GAO: FDA Needs to Get to Work Tracking Adverse Events Related to Dietary Supplements
Senator Durbin (D-Illinois) and Representative Waxman (D-California) requested late last year that the Government Accountability Office (GAO) examine steps taken by the Food and Drug Administration (FDA) to enhance the regulatory oversight of the multibillion dollar dietary supplements market. The GAO undertook the review and recently issues its findings. The full report can be found here.
Specifically, the GAO was asked to examine the FDA Adverse Event Reporting System (FAERS) in overseeing dietary supplements. The GAO found that from 2008-2011, the FDA received 6,307 adverse event reports for dietary supplements. Of those, approximately 70 percent were submitted by companies and most were related to products with a combination of ingredients. Notably, the GAO indicated that the FDA is likely not obtaining a significant portion of all adverse events. The report states that because consumers and others may not be voluntarily reporting the events to the FDA, but rather to other sources such as poison centers, FAERS may underestimate the adverse events related to dietary supplements.
As part of its regulatory obligations, the FDA has increased its inspections of dietary supplement companies and, in fact, has taken some actions against firms that don’t meet their FAERS reporting obligations. Notably, the FDA increased the number of inspections from 120 in 2008 to 410 during the first nine months of 2012.
Companies in the dietary supplements business need to be aware of the evolving role of the FDA in overseeing their products and ensure they are complying with rules and regulations. Currently, the FDA is not required to publicize potential safety concerns from supplement adverse event reports. However, according to the GAO report, making such information public could expand the FDA’s use of adverse event reports and improve consumer awareness of health issues reported after dietary supplement use.

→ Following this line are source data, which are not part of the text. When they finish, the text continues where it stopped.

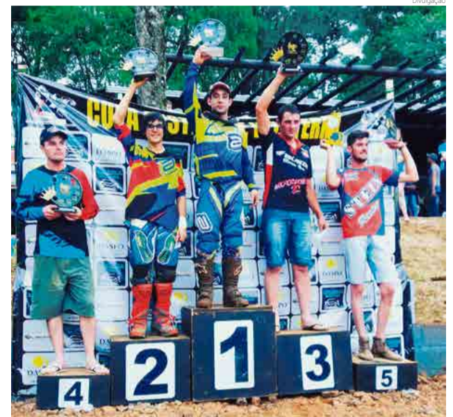
Disputa foi pela Copa Oeste de Velcross

Oeste de Velcross. Ele conquistou o ponto mais alto do pódio. A próxima prova será neste fim de semana em Toledo (PR), pela copa MW de Velcross.
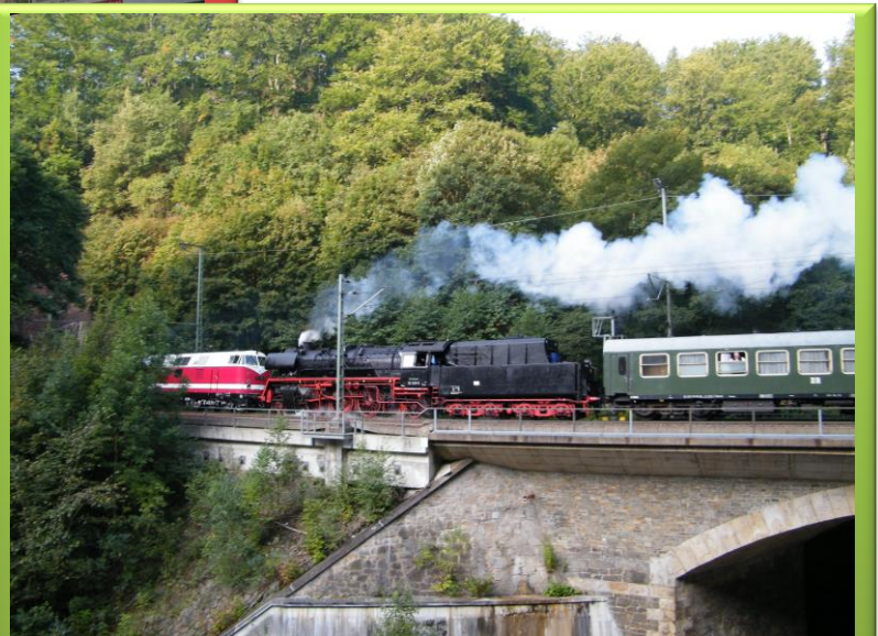
Bessere Idee! – Wandern nach – oder Pause in Edle Krone!
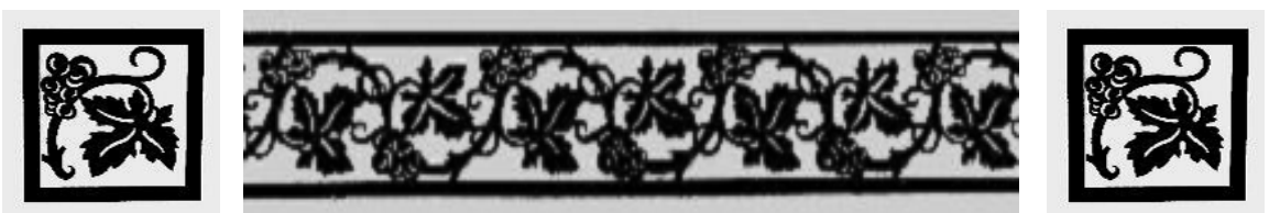
Weinranke - klares Motiv auf mattem Glas

When dealing with FAERS, companies must meet their reporting obligations while at the same time being wary that plaintiffs’ attorneys will attempt to use the information to establish causality between the product and the health problem. While the FDA recognizes the limits of using an adverse event report (that contains limited information) for establishing causality, plaintiffs’ attorneys do not.
In a tell of things to come, Senator Durbin has indicated that he intends to introduce the Dietary Supplement Labeling Act later this year. That bill would reportedly require supplement companies to register products with the FDA, providing ingredients, descriptions and product labeling.